Why El Chapo Might Not Face Trial In Brooklyn… Or Anywhere Else

A lot of things will have to happen before he’s even extradited.

A wave of reports poured through the media this week saying that recently recaptured drug lord Joaquín “El Chapo” Guzmán Loera “could be tried in Brooklyn,” where he is indicted on murder and narcotics trafficking charges.

That tentative statement has been true since at least 2009, when a federal grand jury in the Eastern District of New York first indicted Guzmán. The same parade of reports, often with virtually identical headlines, popped up after he was captured last month.

Brooklyn may have an advantage over other jurisdictions hoping to prosecute Guzmán partly because U.S. Attorney General Loretta Lynch, who has prosecuted narcotics cases, served as the chief federal prosecutor in Brooklyn during the time when his indictment was updated to include murder charges.

But the prediction that Guzmán might come to Brooklyn is premature. He might not stand trial there or anywhere else.

Here’s a few things that could happen instead.

He could indefinitely avoid extradition.

Tomas Bravo / Reuters

Mexican law offers lots of opportunities to challenge extradition. Guzmán had won a tentative injunction against extradition before he was even recaptured last month. He’s since filed several other challenges to his extradition in Mexico, as well as submitting a claim in court that prison authorities are abusing him. His lawyers allege human rights violations including that guards wake Guzmán every two hours and expose him to freezing temperatures.

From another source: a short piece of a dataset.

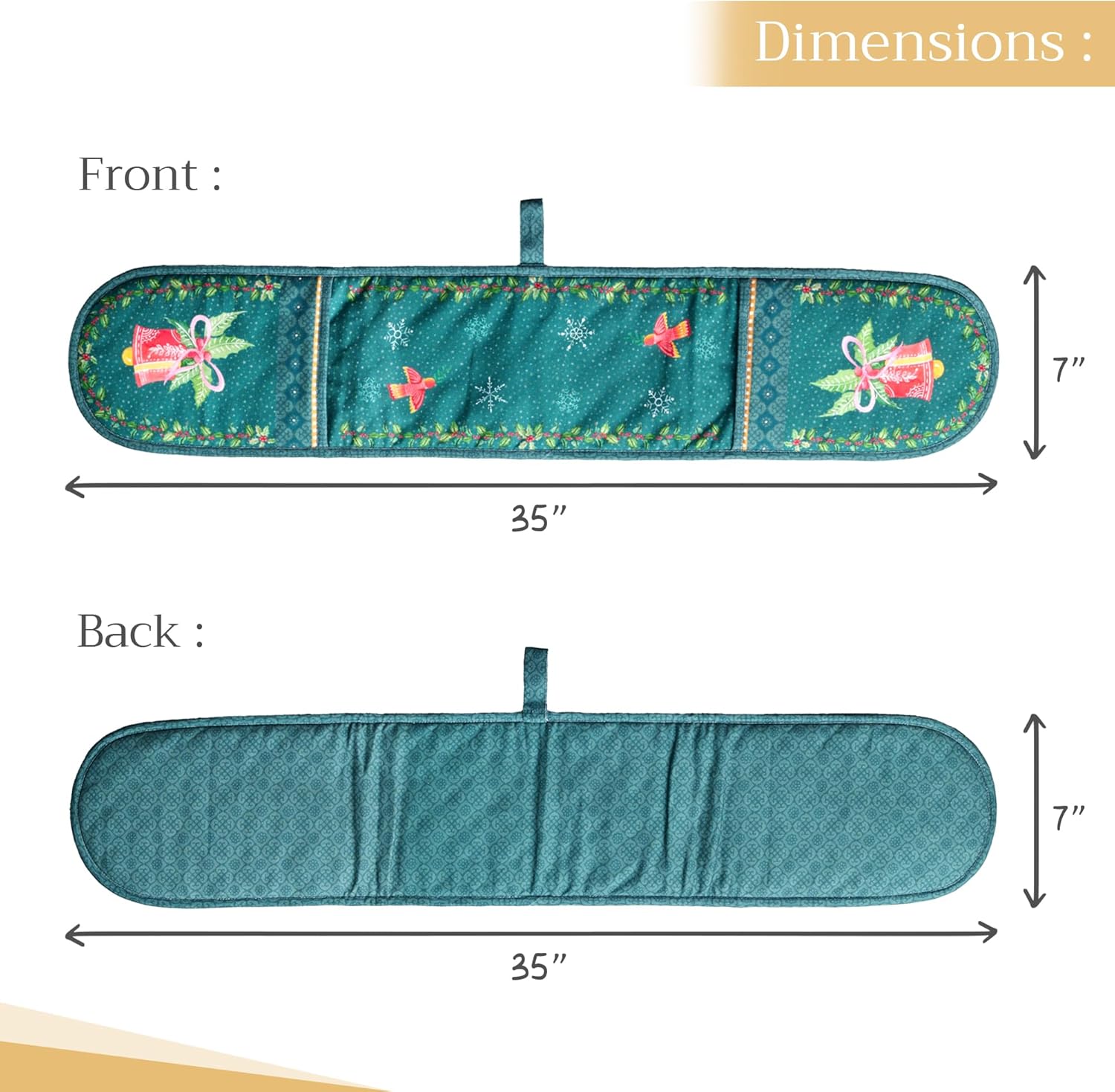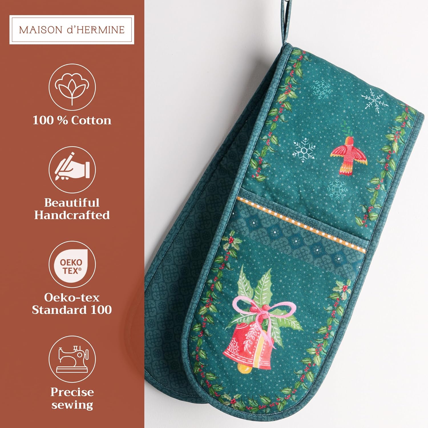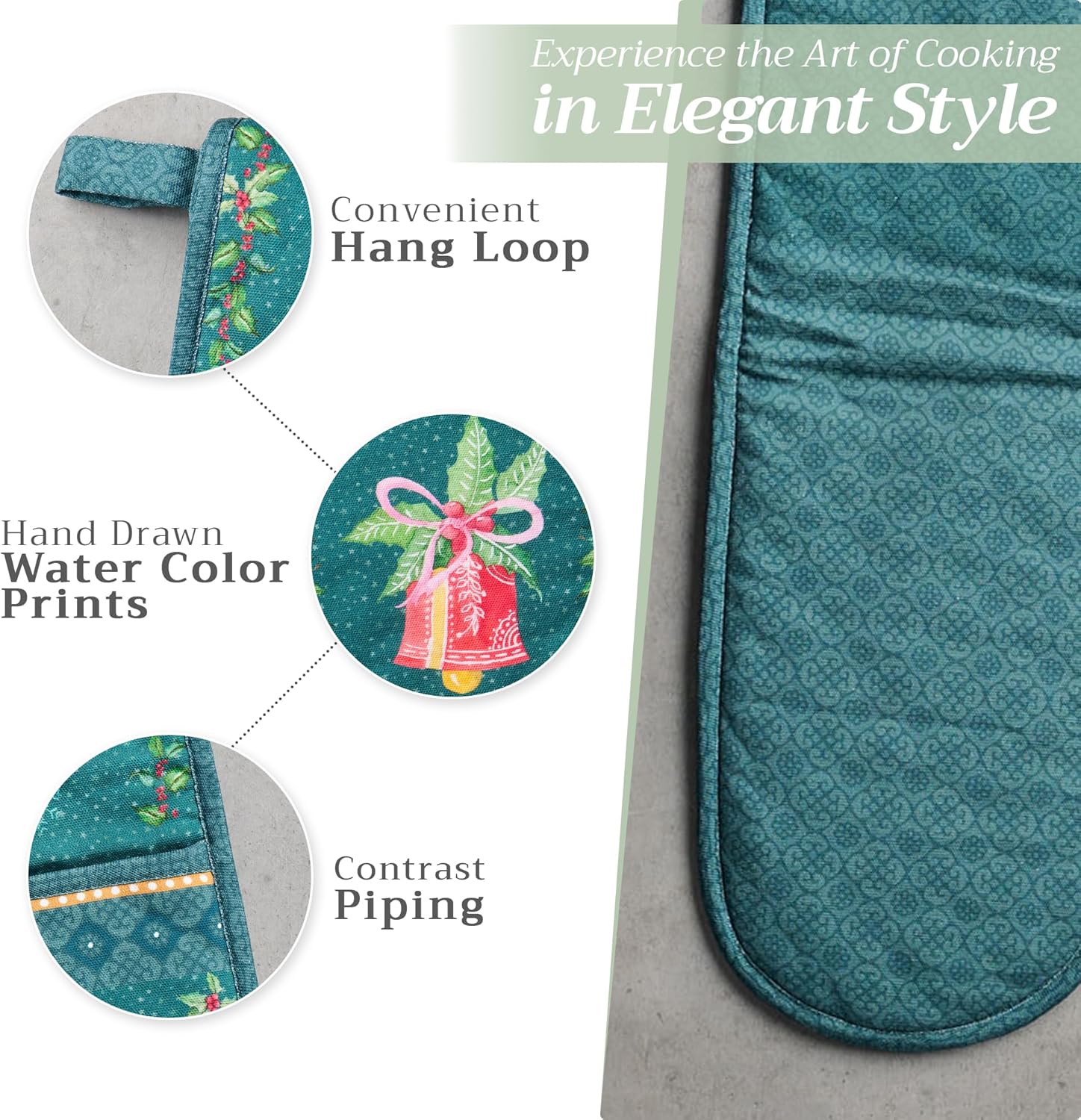 - Package includes: Includes 1 double oven mitt sized 7"x35". Perfect for handling hot cookware safely while adding a touch of European elegance to your kitchen. Designed in Europe and made in India with care

Lynch told Univision’s Jorge Ramos on Friday that she hoped the extradition process wouldn’t take more than a few months, but the Mexican media has reported that the process could take up to six years. Mexican officials have said they are working to expedite the process, but if past experience is any guide, it could take a while. It took the Mexican government five years to extradite the brutal Beltrán Leyva cartel enforcer Edgar “La Barbie” Villarreal -- and he’s an American citizen.

El Chapo could be tried somewhere else.

While the Justice Department reportedly wants to push the trial toward Brooklyn, it has yet to make an official decision. Until it does, the possibility remains that he could face a trial anywhere else he’s been indicted -- Miami, Chicago, New Hampshire, San Diego, Manhattan or El Paso.

He could escape again before getting extradited.

It may sound far-fetched, but he’s done it twice before and facing extradition to the U.S. makes the will to escape all the more urgent. Guards may surround him 24 hours a day and move him between cells periodically, but those extraordinary measures likely won’t last because they’re too expensive, according to former Mexican intelligence official Alejandro Hope.

“Could he escape again? Yes,” Hope said at a conference at the Wilson Center last month. “At least don’t rule it out. That should be the ruling hypothesis.”

El Chapo could break out of a U.S. prison.

As Mexican officials repeatedly noted when criticized for letting “El Chapo” break out of jail in July, sometimes Americans who are way less powerful than Guzmán also manage to escape from maximum-security prisons.

He could plead guilty.

If he does, like high-level Mexican kingpins often do, he won’t face a trial in any district.